Will Fat Come Back To Body Areas Treated By Liposuction?
Q: Dr. Eppley, I am interested in liposuction of multiple body areas including the abdomen, love handles, thighs and knees. But I have a few questions that I hope you can answer for me.
1. As I age, if I gain a bit of weight (I’ve been within these same 20 pounds since I was a late teenager—I don’t intend to go out and purposely gain weight!), where will it go? One plastic surgeon told me since he’d “be removing all the fat cells” from under my breasts to my knees that the fat couldn’t return there, but would go to my bottom or my breasts. Now that we’re doubting most things he told us, can you please confirm or deny this?
2. Does doing this liposuction once mean I’ll need to do it again in years to come because it will look unnatural or lumpy when I’m 65, 75, etc? How will things “settle?” I guess I’m unsure of the “deconstruction” you’re doing and how naturally my body will function afterward (and years later as my life goes on).
3. I read your packet of information and wonder about revision surgery. I certainly know you can’t tell me I would never need it, but I do know you said I am a rare “good candidate” for his procedure. I’m hoping this fact significantly reduces the possibility for needing revision surgery. Your packet says roughly 15% of patients need it. I’m just curious where you think my risk for that lies (of course, I know there’s always at least a little risk).
4. Will the sudden removal of this fat have negative implications for my metabolism? Does fat secrete the hormone that controls metabolism? What happens if a lot of that fat is suddenly gone?

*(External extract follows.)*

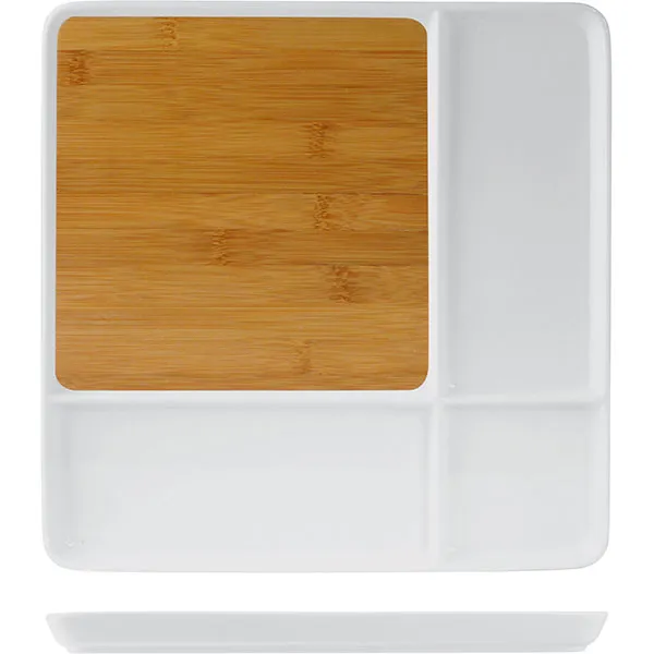 Блюдо для подачи бамбук,фарфор ,H=23,L=290,B=290мм св. дерево,белый

A: Your questions are all good ones about liposuction and many of them touch on the basic science of fat metabolism. While fat has been studied for over 100 years, it is still not a body tissue that is completely understood and it is more than just a blob of fat tissue that sits there only to accumulate excess calories. It is best thought of as a dynamic organ with complex metabolic and hormonal functions. How the removal of some body fat by liposuction affects its functions beyond a simple contour change is, again, incompletely understood. In answer to your questions:
- Liposuction does not and can not remove all fat cells from any body area, that is an impossibility. Some fat cells (and probably more than just some) always remain in the liposuction treated area. There is just less fat cells than there were and that is why the body contour is less full or convex. If one does gain weight in the future, the treated area can change because the existing fat cells can accumulate more fat. (the cells get bigger) One can not grow more fat cells but the existing cells can themselves get bigger. Whether excess ‘calories’ will be prone to be deposited from whence it was removed or whether it goes elsewhere differs for each individual. Ultimately it has to somewhere so the long-term sustainability of a liposuction result is highly dependent on the stability of one’s weight.
- The contour results from a liposuction procedure are generally fully known by three months after the procedure. This reflects the final external appearance of the evenness of the fat removed. It is not an issue where it continues to change or settle for years.
- Being a good candidate for liposuction means that the quality of the overlying skin is good (has the ability to shrink down to a lesser contour after the procedure) and the fat is not too excessive that a good result can be obtained. Unfortunately being a great candidate for liposuction does not preclude the possibility of revisional surgery although it may make that risk less. Revisional surgery in liposuction is almost always done to even out any irregularities or asymmetries in the treated areas. In my experience, some small touch-ups may be desired in about 10% to 15% of all liposuction patients.
- The amount of fat removed in liposuction is rarely ever enough to have any impact on one’s metabolism. If this were true, many diabetic patients would be treated by liposuction to lower or eliminate their insulin needs.